Documentaire d'Alexe Liebert ( France Irak 2023)
Photo Michel Slomka
Voix : Golshifteh Farahani
Musique Benjamin Chaval, Dakhil Osman
Le 3 août 2014, le groupe État Islamique s'est lancé à la conquête de la région du mont Sinjar, en Irak. Cinq ans plus tard, plus de trois mille Yézidis sont toujours entre leurs mains ou portés disparus. Le demi-million de Yézidis qui vivaient dans les villes et villages de la région ont fui. Ne leur reste plus aujourd'hui que la souffrance vive laissée par ceux qui sont absents : les hommes et les vieillards qui remplissent les charniers laissés par Daech.
entre 2016 et 2017 la réalisatrice est partie à la rencontre des rescapés
Je suis la mémoire et la douleur est mon nom.

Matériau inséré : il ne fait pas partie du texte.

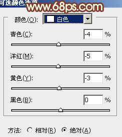 3、创建可选颜色调整图层,对黄,白进行调整,参数设置如图11,12,效果如图13。这一步增加图片的淡黄色。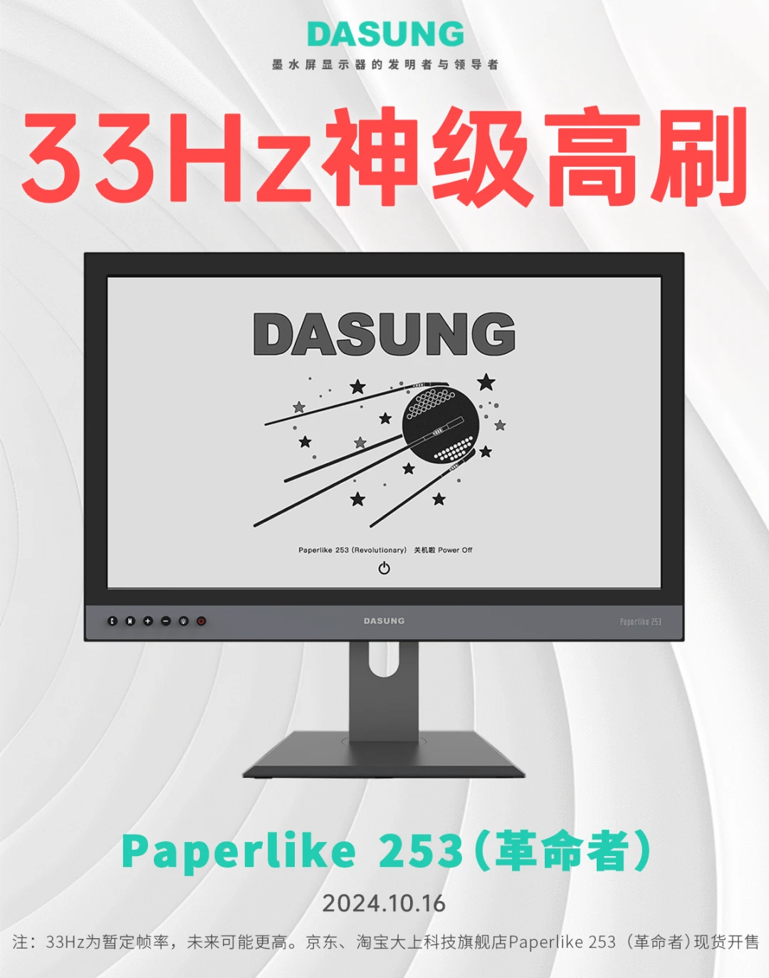 本站 10 月 16 日消息,大上科技今日发布了 paperlike 253(革命者)墨水屏显示器,将屏幕刷新率提升至33hz,售价 8499 元起。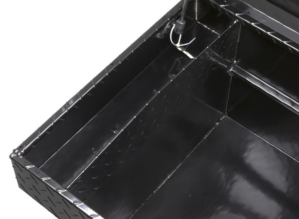 Constructed of thick diamond plate aluminum, fully welded seams, and a reinforced dome style lid with high quality foam weather stripping; the Ultima storage box is hardworking and reliable. Designed with a full length piano style hinge, adjustable lid stickers, and twin gas struts providing a smooth a self-rising lid upon opening -even in cold weather, the Ultima provides years of dependable service. Boxes include a deep molded tool tray that provides storage for small items and sits above the ledge, allowing for maximum storage inside the box.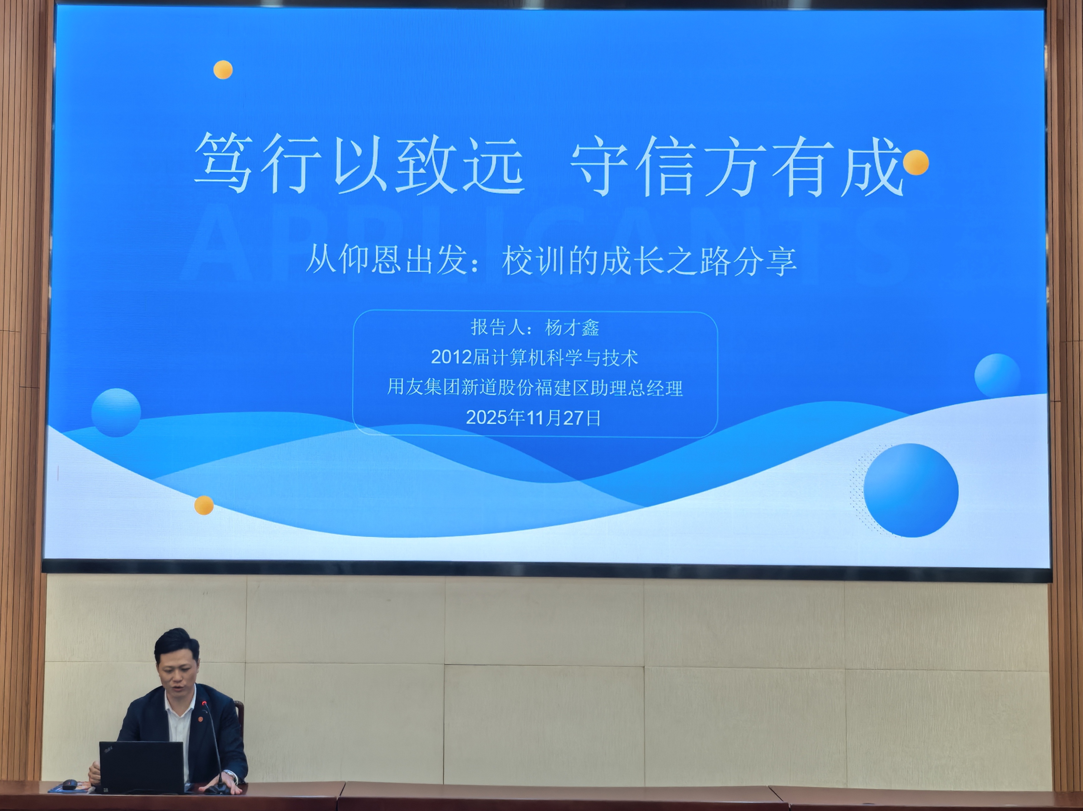 11月27日下午,完美体育官方网站在旧区多功能学术报告厅举办“校友大讲堂”活动。2012届计算机科学与技术专业优秀校友,用友集团新道股份福建区助理总经理杨才鑫重返母校,以“笃行以致远,守信方有成——从仰恩出发:校训的成长之路分享”为主题分享经验。完美体育官方网站常务院长金承勇主持活动,两百余名师生参与交流。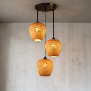 3-Light Rattan Pendant Lamp Adjustable Hanging Ceiling Light - Warm White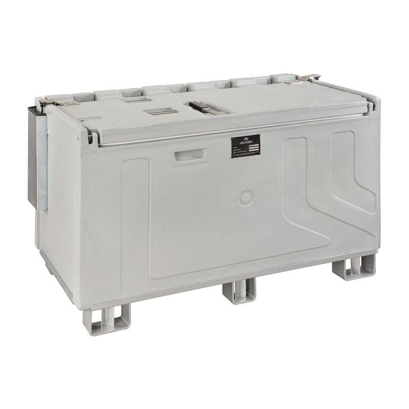 Thermobehälter Toplader mit 500 Litern Kapazität und Palettenfüssen für Supermarktketten, Logistikunternehmen, Vertreiber und Hersteller von Frisch- oder Tiefkühlware, Transportunternehmen.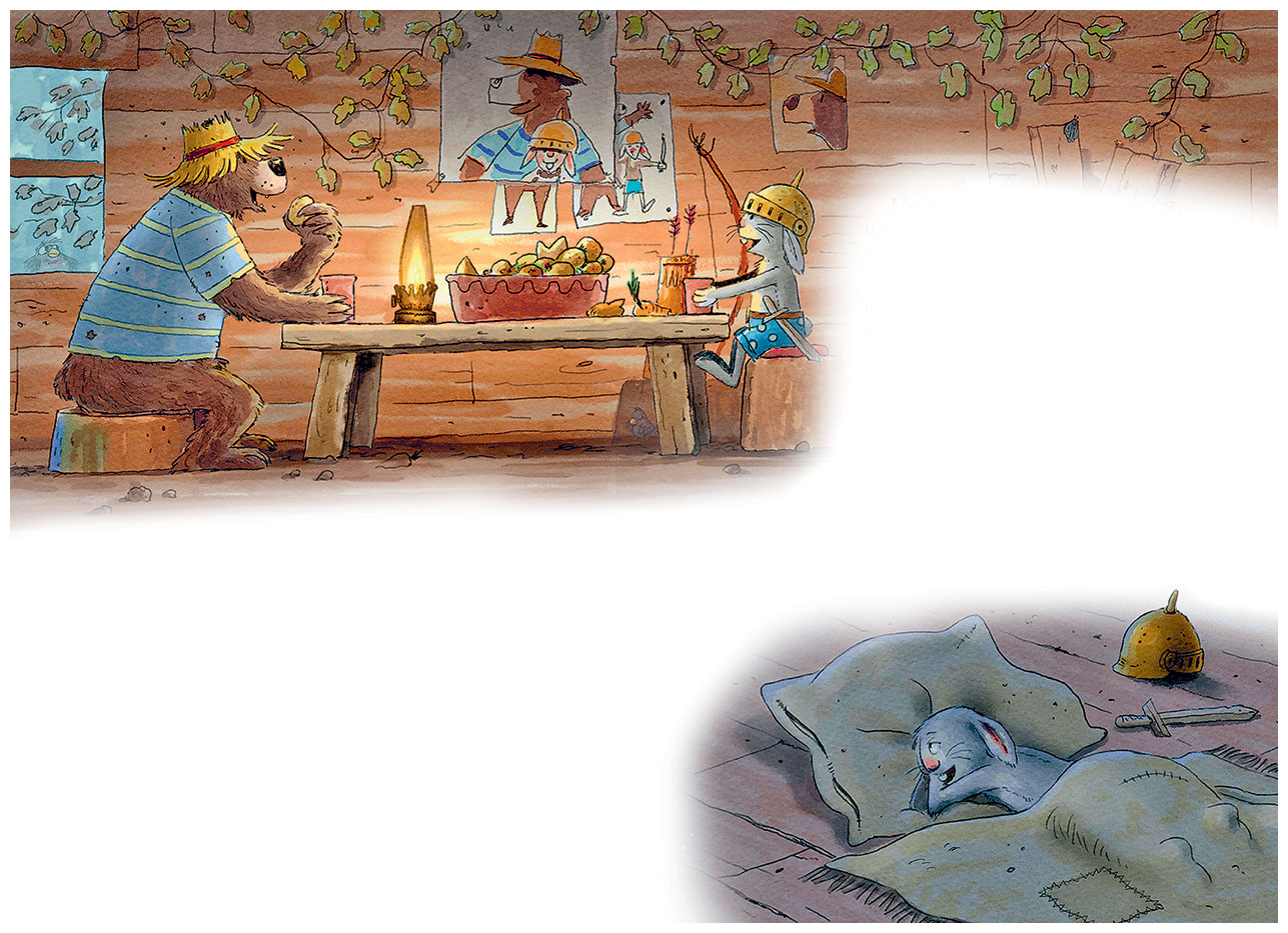 Медведь и не догадывался, что Заяц просто-напросто хитрил. Он конечно же заметил, в каком восторге был Мишка от рассказов тётушки Гусыни. «Вот было бы здорово, если бы можно было устроить Медведю сюрприз в виде театра! – думал он. – А потом мы бы приготовили праздничный ужин». От волнения Заяц долго не мог уснуть. «Да, это хорошая мысль, – решил он, засыпая. – Но, вероятно, для этого потребуется небольшая уловка…»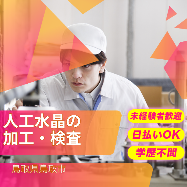 給与詳細 月収例 208,000円 時給例 1,140円 勤務地 鳥取県鳥取市 仕事内容 ・マシンオペレーターとして、人工水晶を使用した半導体部品の製造・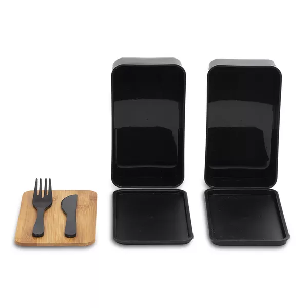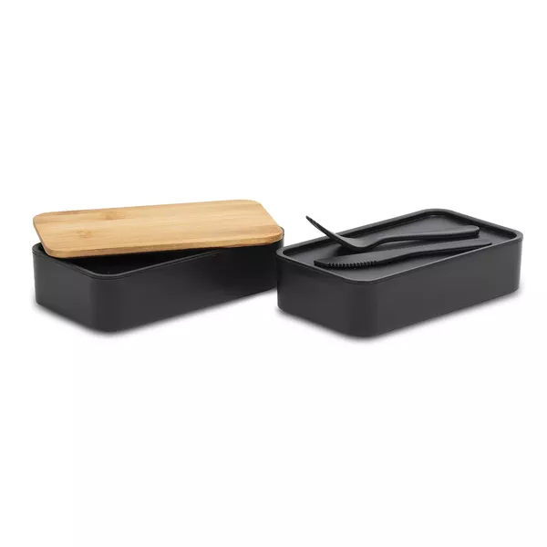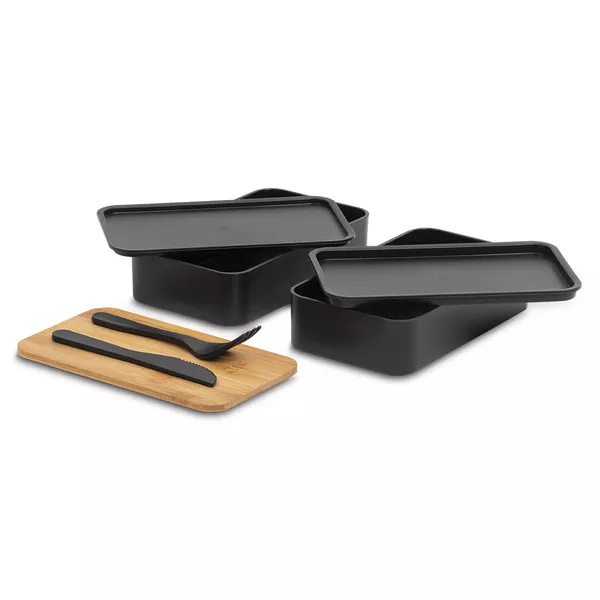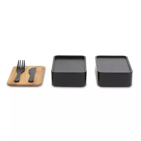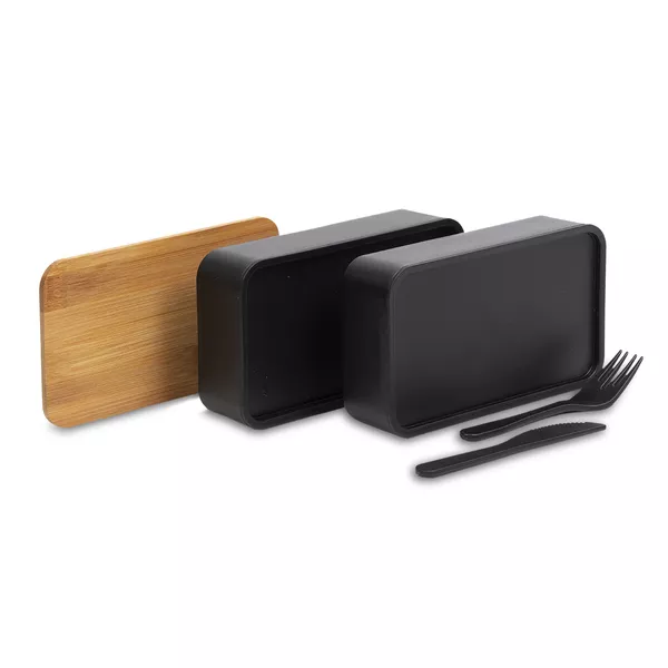 Lunch box zamykany taśmą elastyczną. Posiada dwa pojemniki o pojemności 500 ml każdy. Wyposażony w widelec i nóż oraz bambusową deseczkę do krojenia.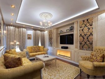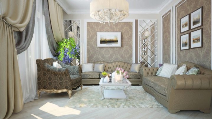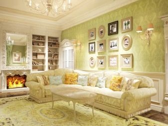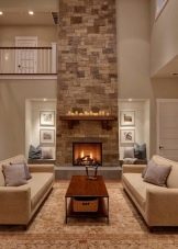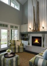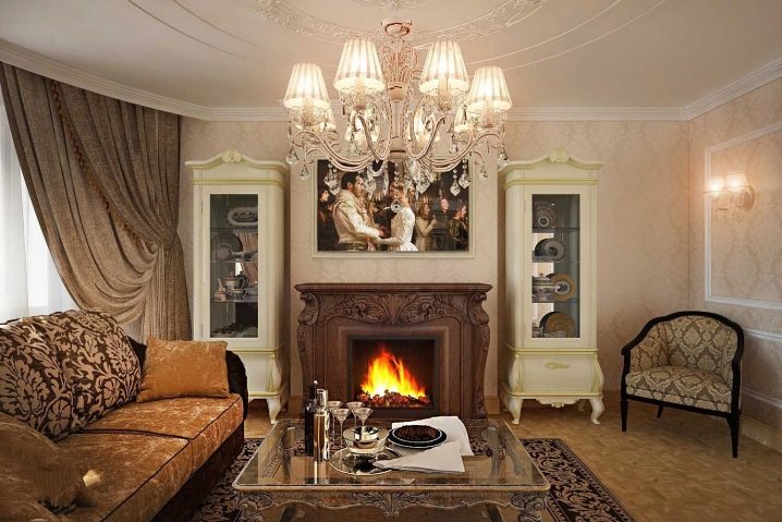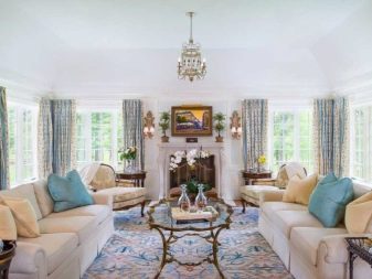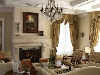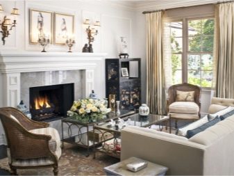 За да придадете на интериора лукс и комфорт, в такава стая може да се постави камина. Красиви саксии, свещници от ковано желязо, картини и красиви рамки се използват като декоративни елементи. В този случай е по -добре да използвате сдвоени елементи, за да постигнете ясна и правилна симетрия..

Nous, Yézidis, nous sommes tous morts.
Ecran noir, silence sépulcral.
Puis en off la voix de Golshifteh Farahani
Le mont Sinjar tel un leitmotiv, -contemplez-le noyé dans la brume, inondé de soleil, ses flancs hébergeant des coquelicots- ou immergez vous dans la béance de la plaine et sa Douleur-, avant que le documentaire ne donne la parole à ces femmes à jamais dévastées (des témoignages plus que bouleversants sur la violence, les viols, les meurtres savamment perpétrés par Daech, femmes esclaves « Esclave sexuelle à vendre. Belle, grande, élancée, obéissante. 12 000 $) Elles sont là comme figées dans le deuil portant un enfant essuyant ces larmes qui tracent sur leur visage le dessin de leur destin
La réalisatrice a construit son conte documentaire sur l’interdépendance -une osmose- entre les habitants les Yézidis (leur culture, leur religion mélange de zoroastrisme et d’autres cultes perses de l’Antiquité) et leur environnement le macrocosme (travail remarquable du photographe Michel Slomka,) avec ralentis zooms et vues d’ensemble ou en plongée, et une palette de couleurs qui s'harmonisent avec la (les) lumière(s)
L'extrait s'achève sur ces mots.